‘The Order’ is an intense, edge-of-your-seat thriller about a white supremacist terror group who in the early 1980s robbed banks in Idaho and surrounding states in order to advance their cause, and which is seen as the progenitor of the Oklahoma and 9/11 terrorist activities in subsequent years, as well as the 6 January 2021 Capitol attack. There is a David Koresh-style nature to the charismatic leader of the group, calling itself The Order, played by British actor Nicholas Hoult, who is pursued by Jude Law’s obsessive police officer for whom it is his personal priority to bring Bob Mathews (Hoult) to justice.
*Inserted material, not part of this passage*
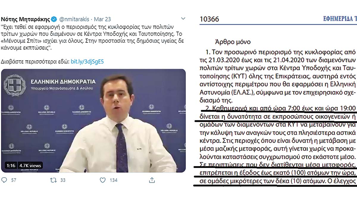 Το αστείο της υπόθεσης είναι ότι την επομένη της δημοσίευσης του ΦΕΚ ο υπουργός Μετανάστευσης και Ασύλου Νότης Μηταράκης έγραφε στο twitter: «Έχει τεθεί σε εφαρμογή ο περιορισμός της κυκλοφορίας των πολιτών τρίτων χωρών που διαμένουν σε Κέντρα Υποδοχής και Ταυτοποίησης. Το “Μένουμε Σπίτι” ισχύει για όλους. Στην προστασία της δημόσιας υγείας δεν κάνουμε εκπτώσεις».
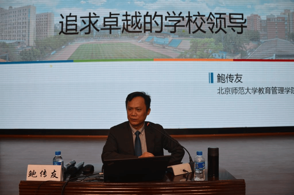 鲍传友教授以“领导、领导力和领导者素质”为切入点,阐述了“领导”的三个内涵:会激励他人、能带领团队、有共同目标,“领导力”是在“领导”过程中所表现出来的能力,这种能力不是领导者专属,而是所有人都有的。在此基础上他引发大家思考“校长领导力和教师的领导力有什么不同?谁的领导力更强?”,并从领导者应该具备勇气、公正、民主、移情、谦虚等个性特征和想象力、研究力、判断力、协调力、演说力等能力特征两个方面对领导者素质进行了说明。鲍传友教授还深入解析了一个卓越的校长应如何塑造领导能力:第一,学会用愿景与价值引领他人,思想领导是学校领导的核心,作为学校的领导者,首要任务是明确学校的发展方向,明确领导和管理的区别,确立理念和核心价值观。在此,鲍教授以北京清华附小“让学生站在正中央”和重庆谢家湾小学“六年影响一生”为例解析了校长应该如何构建富有特色和感召力的学校价值体系。第二,学校的领导者要会了解人,懂得尊重人,学会激励人,精通用人识人的艺术。第三,鲍教授引用拿破仑的“一头狮子带领99只绵羊,可以打败一只绵羊带领的99头狮子”说明团队的重要性,作为学校的领导者,应加强团队建设,营造合作文化。最后,鲍教授以“团队的重要性”视频来结束本场讲座,并从中引出一个团队要有人领导,有明确分工,有规则,有目标,最重要的是,还要有人文关怀这个发人深省的道理。

We see the way family life is sacrosanct, but which takes a variety of different forms, with Law’s character, Terry Husk, geographically and emotionally alienated from his own family as he has invested all his energies into capturing his quarry, and we are given the sense that he has been fixated on similar assignments in the past.
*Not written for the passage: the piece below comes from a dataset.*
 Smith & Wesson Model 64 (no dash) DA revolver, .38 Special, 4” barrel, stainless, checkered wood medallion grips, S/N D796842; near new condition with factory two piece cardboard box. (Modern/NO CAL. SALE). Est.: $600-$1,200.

The neo-Nazis themselves have families who either support, are pawns of, or who turn a blind eye to, the insurrections being planned, and who become potentially useful to the law officers as they try to close in on their prey. This is where the film gets into genuinely interesting territory as we are afforded a glimpse into why someone would seek to be caught up in a clandestine and ruthless cult whose own church rejects and ostracizes them, leading to more than one showdown between the local pastor and Mathews himself. They may share the same white supremacist objectives but their goals of achieving it are what distinguishes them, and ‘The Order’ contains many of the same dynamics and tensions as ‘Point Break’, again exploring ways in which policemen would try and infiltrate a community in order to break it apart, also using bank robberies as the catalyst for a cause that has spiritual connotations.

In Kathryn Bigelow’s pulsating, seminal ‘Point Break’ the cause is a Buddhist attempt to be at one with nature and to ride the ultimate wave, leading to extinction, while in ‘The Order’ the goal of white supremacy is not just ideological or political but a cause to live and – literally – die for. Mathews indeed may care for his wife, whom he recruited into his organization, but her inability to bear children means that he has to go outside the marital home to spawn a son who will carry on his crusade (as we discover, things don’t entirely go to plan). This is ultimately a tale of one generation, represented by the self-appointed messianic Mathews, who decide to use force in order to accelerate a process which was started by their forebears, and an older generation for whom politics is the cauldron by which their goals can be realized.